NCBI.zip documents the BioSample accession numbers and URLs for raw FASTQ files (BioSampleObjects.txt and Objects.txt)
splitstree4.zip includes the input (ingroup.phy) and output files (pmcalli-splitstree) from this unrooted analysis.
vcf.zip contains instructions and logs for how to covert output files from pyRAD into the thinned / filtered versions suitable for downstream analysis.

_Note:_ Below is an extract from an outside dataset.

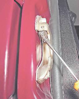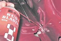 3. Аналогично обрабатываем петли дверей и крышки багажника. 4. Проникающей смазкой обрабатываем скважины личинок замков передних дверей и крышки багажника.
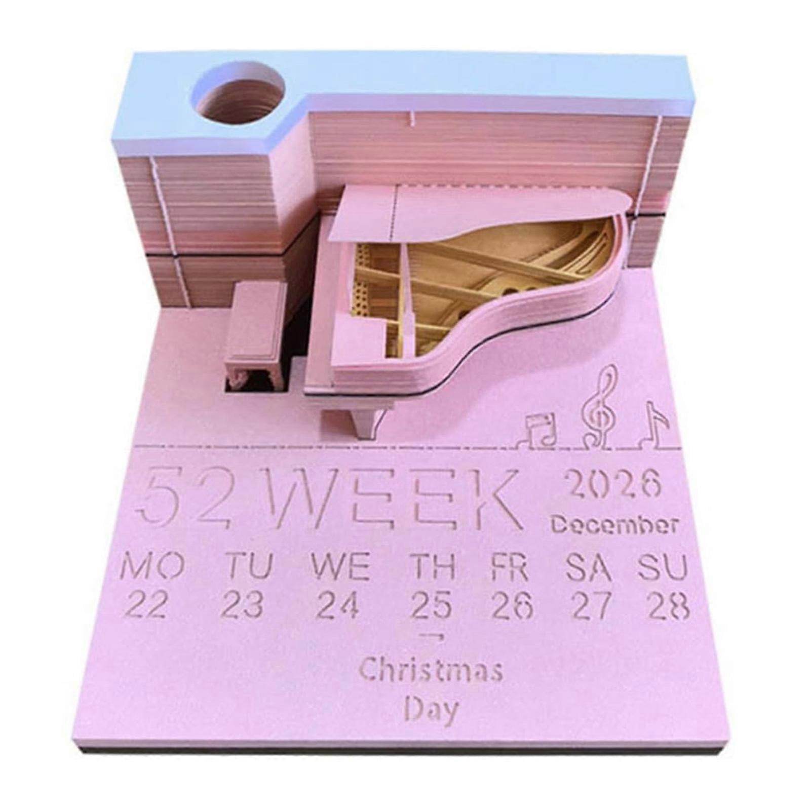 Unique 3D Piano Desk Calendar 2026 - Personalized DIY Art Memo Pad, Tear-Away Sticky Notes for Home & Office Decor

ingroup.vcf is the input file.
- thin.recode.vcf is the output file.
- how to convert to bed.sh contains instructions on how to convert to a bed file.
- final.bed, final.bim, final.fam represent intermediate files.
- final.log and thin.log are the log files.
Sharing/Access information
Raw sequence data in FASTQ format have been deposited in NCBI (BioProject: PRJNA817579; Biosample: SAMN26796821 - SAMN26796865; SRA Accession: SRX14486053 - SRX14486097).
A ddRADseq dataset was collected for 45 lizards (including outgroups). Sequencing occurred on an Illumina NextSeq. Raw sequence data were processed (including mapping to the P. platyrhinos reference genome) using iPyrad. After filtering with VCFtools, the data were analyzed with the software packages adegenet (DAPC), Admixture, splitstree, IQTree, EEMS, and moments. Inputs, outputs, jobscripts, and other metadata for these analyses are included in this data package. Full methods are detailed in the paper.